The event is contested over the same course and distance as the Cheltenham Gold Cup, and it is sometimes referred to as the "amateur Gold Cup". It was established in 1904, and the inaugural running was won by Palmy Boy. It was backed by the insurance company Sun Alliance and London in 1972 and 1973, and for the following five years it was run without a sponsor. The art auctioneers Christie's supported the race from 1979 to 2012 and from 2013 to 2015 it was sponsored by the Country Gentleman's Association. Since 2016 it has been sponsored by St. James's Place plc. The race's full title is the St. James’s Place Festival Challenge Cup Open Hunters’ Chase. Until 2020 the race was known as the St James's Place Foxhunters' Chase - the word "fox" was removed from the title prior to the 2021 running.

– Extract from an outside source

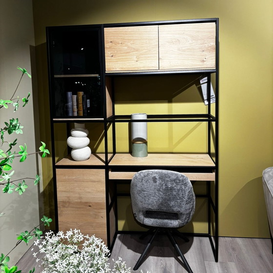 Meuble de travail Modulo Xooon 141x40x201 - Modèle d'exposition : Meuble de travail Modulo Xooon - Essence de bois : Placage chêne - Couleur du bois : Naturel - Dimensions : 141x40x201. Ce meuble Modulo de Xooon est idéal pour le salon. En déployant son plateau en bois, il se transforme facilement en bureau. Ses placards intégrés offrent également un espace de rangement généreux.

Qualification for entry in the Festival Hunter Chase is based on a horse's previous performances in certain types of race within a specific period. To be eligible a horse must have finished first or second twice in hunter chases, or have won two open point-to-point races, or have won one open point-to-point race and finished first or second in a hunter chase.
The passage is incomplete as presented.